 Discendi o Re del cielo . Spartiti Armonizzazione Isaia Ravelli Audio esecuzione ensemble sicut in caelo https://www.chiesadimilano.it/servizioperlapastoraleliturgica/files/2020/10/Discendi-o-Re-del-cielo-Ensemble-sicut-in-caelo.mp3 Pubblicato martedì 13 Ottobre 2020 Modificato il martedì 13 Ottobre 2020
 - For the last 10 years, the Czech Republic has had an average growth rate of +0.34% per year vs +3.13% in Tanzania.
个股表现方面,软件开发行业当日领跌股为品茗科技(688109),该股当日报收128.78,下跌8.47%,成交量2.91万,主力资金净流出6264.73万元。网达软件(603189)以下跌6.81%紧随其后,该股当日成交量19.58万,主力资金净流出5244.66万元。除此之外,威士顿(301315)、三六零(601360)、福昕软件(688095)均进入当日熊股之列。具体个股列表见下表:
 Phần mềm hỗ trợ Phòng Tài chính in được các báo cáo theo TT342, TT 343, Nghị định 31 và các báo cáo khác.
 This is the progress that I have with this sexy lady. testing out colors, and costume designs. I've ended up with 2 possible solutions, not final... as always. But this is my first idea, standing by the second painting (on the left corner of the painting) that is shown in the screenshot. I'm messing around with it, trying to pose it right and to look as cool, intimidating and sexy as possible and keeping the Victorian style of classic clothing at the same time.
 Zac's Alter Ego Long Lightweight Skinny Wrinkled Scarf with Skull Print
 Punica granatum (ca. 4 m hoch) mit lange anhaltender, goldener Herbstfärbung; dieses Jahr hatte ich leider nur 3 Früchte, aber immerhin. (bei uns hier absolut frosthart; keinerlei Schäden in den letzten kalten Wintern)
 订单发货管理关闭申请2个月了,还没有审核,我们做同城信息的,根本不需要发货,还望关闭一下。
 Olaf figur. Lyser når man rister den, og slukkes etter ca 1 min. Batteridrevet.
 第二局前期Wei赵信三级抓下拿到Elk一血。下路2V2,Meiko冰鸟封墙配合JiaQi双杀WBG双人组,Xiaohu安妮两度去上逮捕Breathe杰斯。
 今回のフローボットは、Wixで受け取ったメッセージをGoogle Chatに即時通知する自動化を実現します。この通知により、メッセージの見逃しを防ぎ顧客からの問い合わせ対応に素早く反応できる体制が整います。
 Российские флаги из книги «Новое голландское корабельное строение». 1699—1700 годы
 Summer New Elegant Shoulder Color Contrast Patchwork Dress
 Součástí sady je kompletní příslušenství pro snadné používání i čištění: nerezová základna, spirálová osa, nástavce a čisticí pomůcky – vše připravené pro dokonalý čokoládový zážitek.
++++++++++
**TASK**. The line that contains "今回のフローボットは、Wix", the final line of the listing, and every line between them are to be retyped exactly; nothing else.

**TASK OUTPUT**.
 今回のフローボットは、Wixで受け取ったメッセージをGoogle Chatに即時通知する自動化を実現します。この通知により、メッセージの見逃しを防ぎ顧客からの問い合わせ対応に素早く反応できる体制が整います。
 Российские флаги из книги «Новое голландское корабельное строение». 1699—1700 годы
 Summer New Elegant Shoulder Color Contrast Patchwork Dress
 Součástí sady je kompletní příslušenství pro snadné používání i čištění: nerezová základna, spirálová osa, nástavce a čisticí pomůcky – vše připravené pro dokonalý čokoládový zážitek.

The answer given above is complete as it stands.